Past Research Activities

Video Processing

Distributed video coding [A.5., A.3., A.1., C.44., C.34., C.33., C.28., C.26., C.24., C.23., C.22., C.21., C.17., C.16., C.15., C.14., C.13., C.12., C.10., C.9., C.8., C.7., C.6.]

Distributed video coding is a recent coding paradigm that enables a flexible distribution of the computational complexity between encoder and decoder, by moving part of the motion estimation task at the decoder. The research has focused on several aspects related to distributed video coding: improving the coding efficiency of state-of-the-art coding architectures, removing some issues that prevented such coding architectures from being applied in practical scenarios; studying the rate-distortion performance of distributed video coding and comparing it with conventional motion-compensated predictive codecs. The research activities have also addressed how to exploit distributed video coding to enhance the robustness with respect to packet losses.

Non-normative tools for video coding [A.6., A.4., B.2., B.1., C.38., C.36., C.35., C.32., C.18., C.11., C.2.]

In order to ensure interoperability, video coding standards define only the syntax of the bitstream and how to perform decoding. Several components are not specified by the standards, including motion estimation, rate allocation, rate control, error concealment, etc. The research has focused on non-normative tools for the state-of-the-art H.264/AVC video coding standard, with particular emphasis on error resilience and rate control.

Scalable video coding [A.2., C.5., C.4., C.3.]

When video contents are distributed over heterogeneous networks and devices it is desirable to adapt the bitstream to the characteristics of the receiving device.
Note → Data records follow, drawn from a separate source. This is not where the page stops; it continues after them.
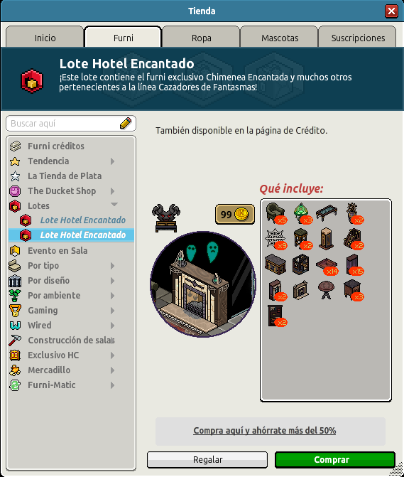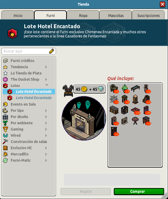 Nombre: Lote Hotel Encantado Precio: 45 + 45 | 99 Fecha de inicio de venta: 22/10/2025 Fecha de final de venta: 29/10/2025 Lugar de venta: Tienda + Habbo Compras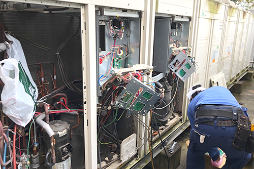 メーカーに関係なく、空調機の新設工事や入替工事、移設工事を行ないます。またフロンガスの回収や破壊処理も行ないます。
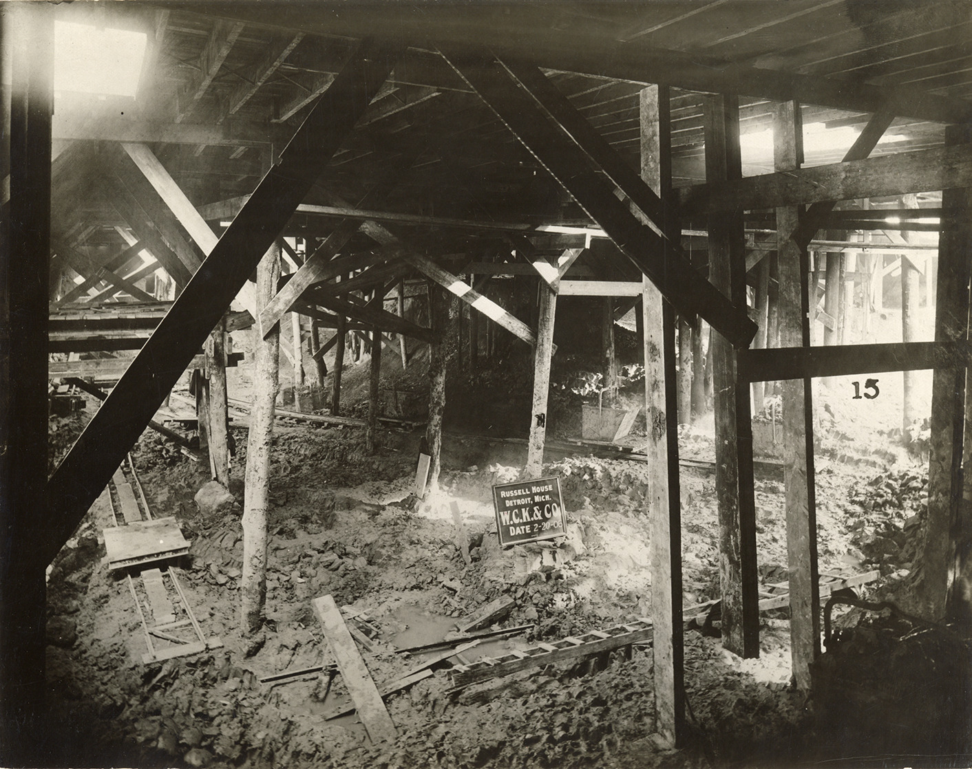 View of the Russell House during demolition. "Russell House, Detroit, Mich. W.C.K. & Co., date 2-20-06" sign in foreground. The Russell House closed on November 19, 1905, was subsequently demolished and replaced by the Pontchartrain Hotel. Stamped on back: "W.D. Benham, commercial photographer, 414 Wetherbee Bldg., Detroit, Mich."

Scalable video coding enables bitstream adaptation without the need of transcoding, i.e. partial decoding followed by re-encoding. The bitstream corresponding to the desired frame-rate, spatial resolution and quality can be readily extracted from the original bitstream. The research has focused on wavelet-based scalable video coding techniques, somewhat extending the ideas of JPEG2000 to video signals, and it has led to several contribution to the MPEG, involved in the standardization of a scalable video codec.

Audio Processing

Acoustic source localization and tracking [C.41., C.40., C.39., C.30., C.29., C.27., C.25., C.20., C.19.]

The information about the type of acoustic event can be augmented by the location of the source by space-time processing of signals collected with microphone arrays. We have been working on the problem of acoustic source localization and tracking, especially when more than one source is active at the same time.

Audio classification [C.31., C.27.]

The goal of this research line is to detect the onset of anomalous events (e.g. gunshots, screams, etc.) in audio streams collected by environmental microphones. The research is proceeding towards modelling the temporal evolution of acoustic features extracted from the audio streams, in order to detect aggressions in public spaces for security applications.